Gen. William H. Ashley, a licensed trader, was treacherously attacked by the Arickaras at their village on the west bank of the Missouri river, about midway between the present Fort Sully and Fort Rice. Twenty-three of the trading party were killed and wounded, and the remainder retreated in boats and sent appeals for succor to the commanding officer at Fort Atkinson, the present site of Council Bluffs. This officer was Col. H. Leavenworth, Sixth United States Infantry, who marched June 22, with 220 men of that regiment, 80 men of trading companies, and two 6-pound cannon, a 5½-inch brass howitzer, and some small swivels, nearly 700 miles through a country filled with hostile or unreliable Indians, to the Ree villages, which he reached on the 9th of August. The Dakotas were at war with the Arickara or Rees, and 700 to 800 of their warriors had joined the United States forces on the way; of these Dakotas 500 are mentioned as Yanktons, but the tribes of the remainder are not designated. The Rees were in two villages, the lower one containing seventy-one dirt lodges and the upper seventy, both being inclosed with palisades and a ditch and the greater part of the lodges having a ditch around the bottom on the inside. The enemy, having knowledge of the expedition, had fortified and made every preparation for resistance. Their force consisted of over 700 warriors, most of whom were armed with rifles procured from British traders. On the 9th of August the Dakotas commenced the attack and were driven back until the regular troops advanced, but nothing decisive resulted until the artillery was employed on the 10th, when a large number of the Rees, including their chief, Gray Eyes, were killed, and early in the afternoon the survivors begged for peace. They were much terrified and humbled by the effect of the cannon, which, though small, answered the purpose. During the main engagement the Dakotas occupied themselves in gathering and carrying off all the corn to be found.

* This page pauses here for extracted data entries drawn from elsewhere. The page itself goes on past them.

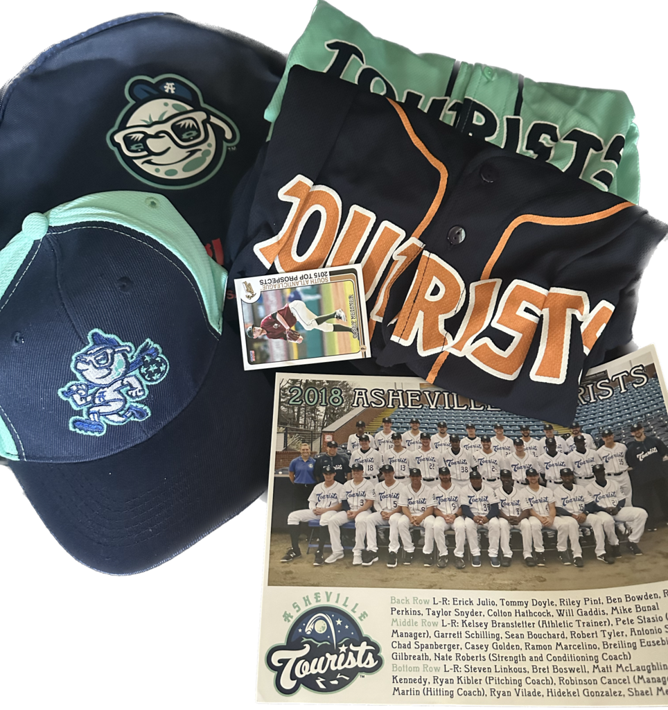 This basket includes 2 Tourist Jerseys (Youth Large and Adult XL), a Logo Baseball Cap, a Logo drawsting bag and Casey Meisner Baseball Card.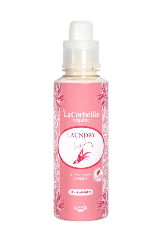 ラ コルベイユ オーガニックランドリー<オーキッドの香り>柔軟剤をスキンケア発想で作りました。柔軟剤の成分はお肌と触れるもの、だからこそ”お肌にやさしい成分”にこだわりました。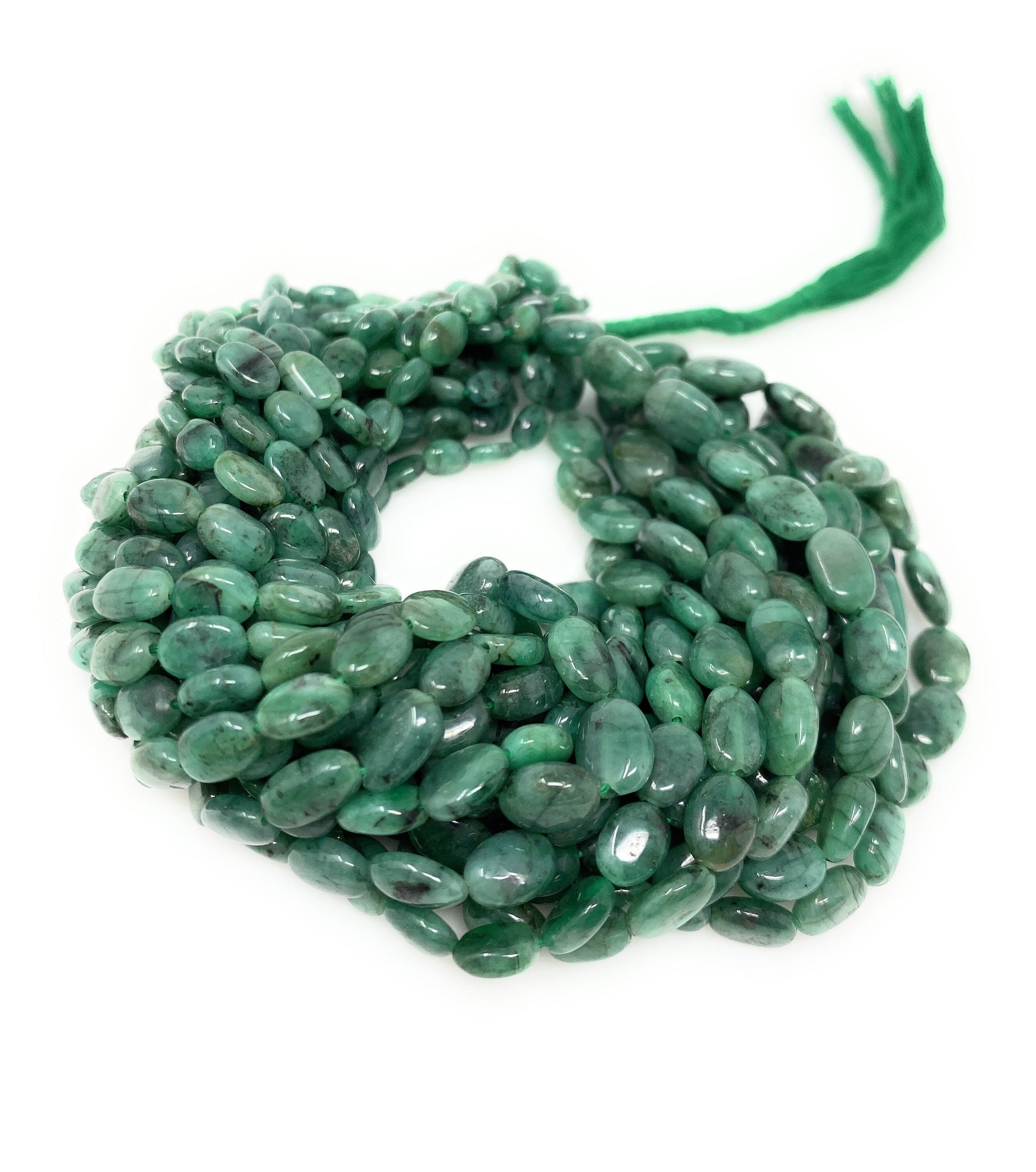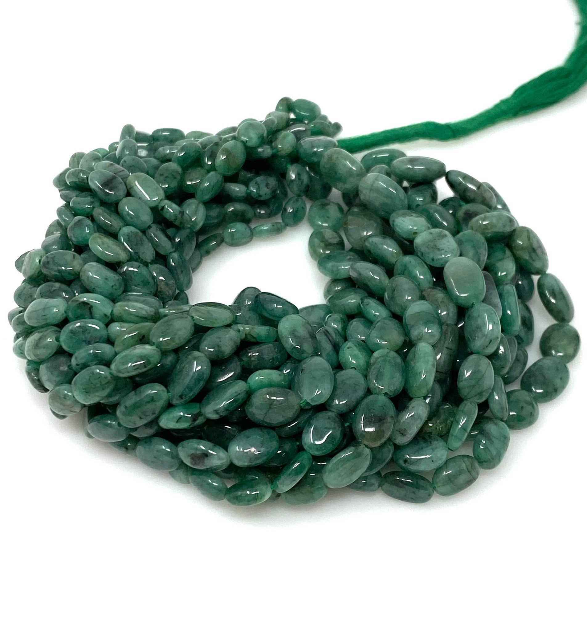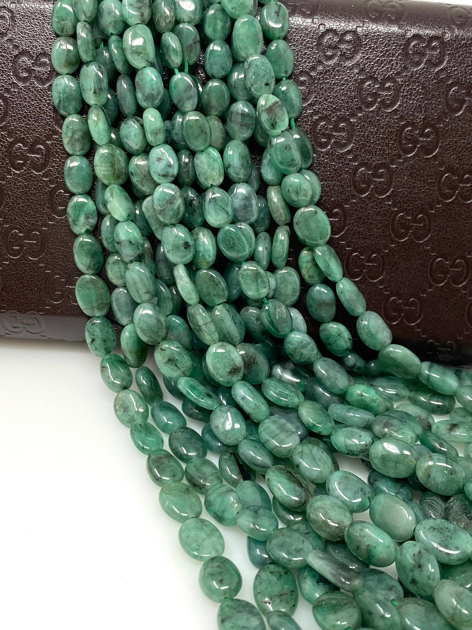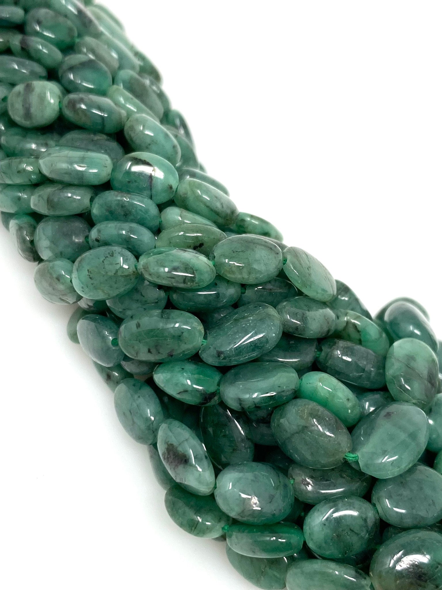 16" Natural Emerald Gemstone Beads, Smooth Emerald Oval Beads for Jewelry Making, May Birthstone Jewelry Supplies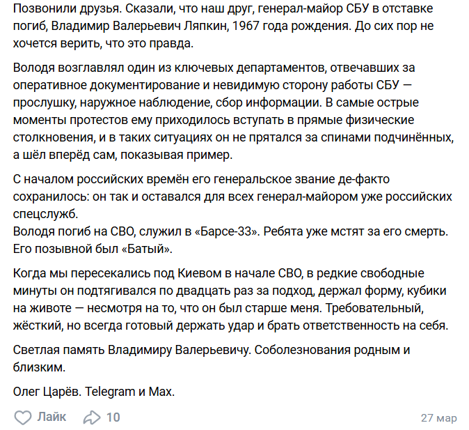 На війні загинув колишній начальник одного з департаментів Служби безпеки України, генерал-майор Володимир Ляпкін, який втік до Криму після Революції гідності. Зрадника ліквідували 17 березня.
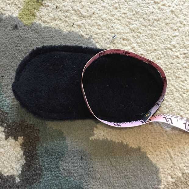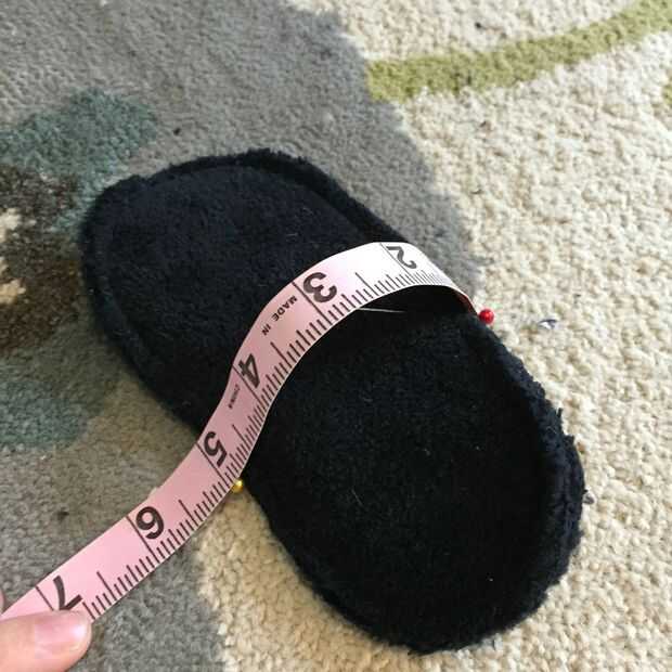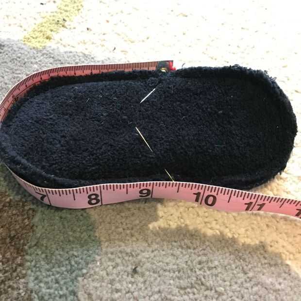 Tomar la cinta de medir y hacer un lazo donde el tubo acabaría como en mis fotos. Hacerlo como arco que desee para su zapato. Esta medida será cortes fuera el otro patrón del rectángulo que puso en el lado. Ahora mida el ancho de la suela donde estaba el arco. Marca muescas en rectángulo de ancho único centrado en el borde inferior. Coloque la cinta métrica en el papel utilizando la medida arca que tomó entre los dos puntos que marcó. Trazar el arco cuando la medición es correcta. Cortar el arco. (4) espejo cortar en la tela, corte (2) en bateo con 1/2 cortado el borde. Hacer un sándwich de bateo con lados mal juntos y coser cuidadosamente a lo largo de todo el filo.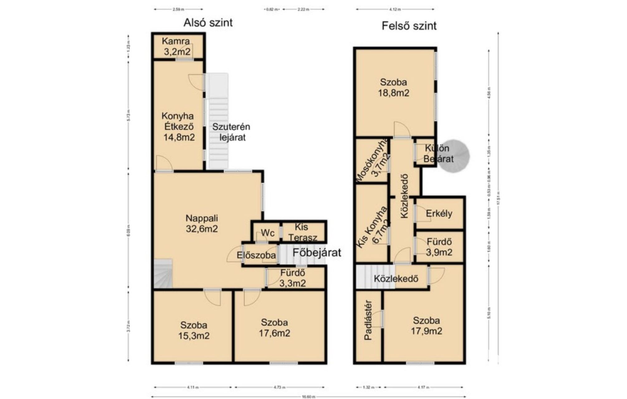 Az épület szintjei, külön bejárattal rendelkeznek, így alkalmas lehet nagyobb családok lakhatására is.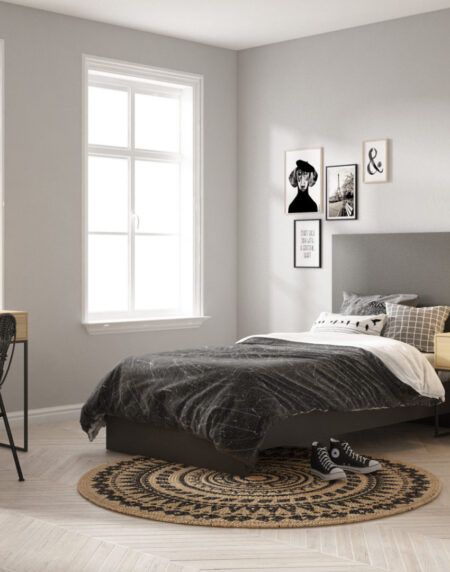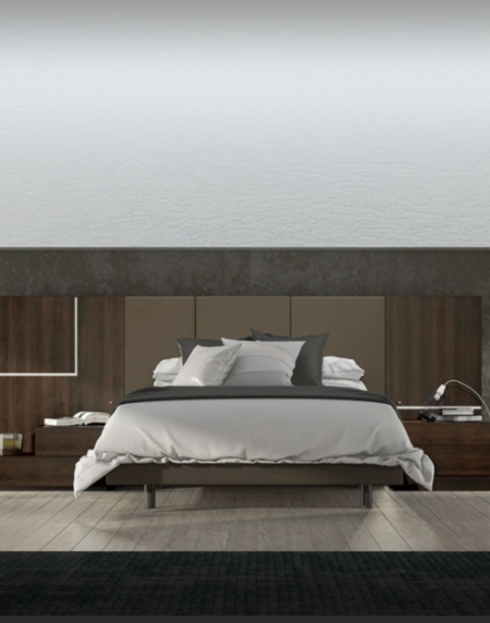 Dormitorio en Nogal Nature combinado con Grafito Mate. Está compuesto por cabecero NOCTURNAL, mesita TOP con 1 cajón y aro de cama MÓNACO.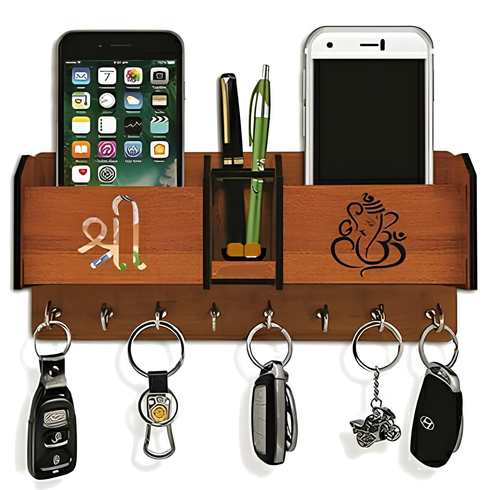 Wooden Wall Mounted Key Holder with Mobile Stand & Pen Holder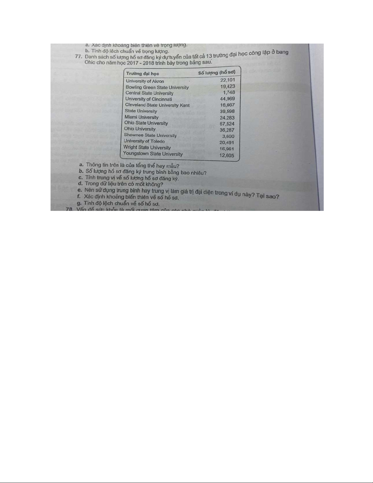 f. Khoảng biến thiên = max − min = 67,524 − 1,748 = 65,776.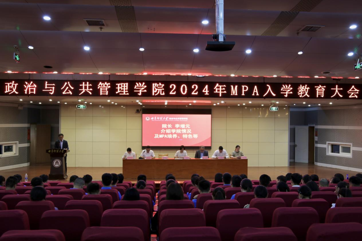 于学校图书馆报告厅召开2024级MPA入学教育大会。学院党委书记卢瑞霞,学院党委副书记、院长李增元,学院党委副书记张忠凯,学院副院长林士俊,MPA教育中心副主任程香丽以及研究生教学秘书刘雪婷出席本次入学教育大会,会议由读漫屋

See also the record of Lean-Wolf’s expedition in Fig. [452].

SECTION 2.
RECORD OF BATTLE.

Lafitau (b) gives the following account, translated with condensation, of the records of expedition, battle, etc., made by the Iroquois and northeastern Algonquins:

The designs which the Indians have tattooed on their faces and bodies are employed as hieroglyphics, writing, and records. When an Indian returns from war and wishes to make his victory known to the neighboring nations through whose country he passes, when he has chosen a hunting ground and wishes it to be known that he has selected it for himself and that it would be an affront to him for others to establish themselves there, he supplies the lack of an alphabet by those characteristic symbols which distinguish him personally; he paints on a piece of bark, which is raised on a pole by a place of passage [trail], or he cuts away some pieces from a tree trunk with his hatchet, and, after having made a smooth surface, traces his portrait and adds other characters, which give all the information that he desires to convey.

When I say that he draws his portrait, it will be understood that he is not skillful enough to delineate all the features of his face in such a manner that it would be recognized. They have, indeed, no other way of painting than that monogrammatic or linear painting, which consists of little more than the mere outlines of the shadow of the body rather than of the body itself—a picture so imperfect that it was often necessary to add below the name of the object which was intended to be represented in order to make it known.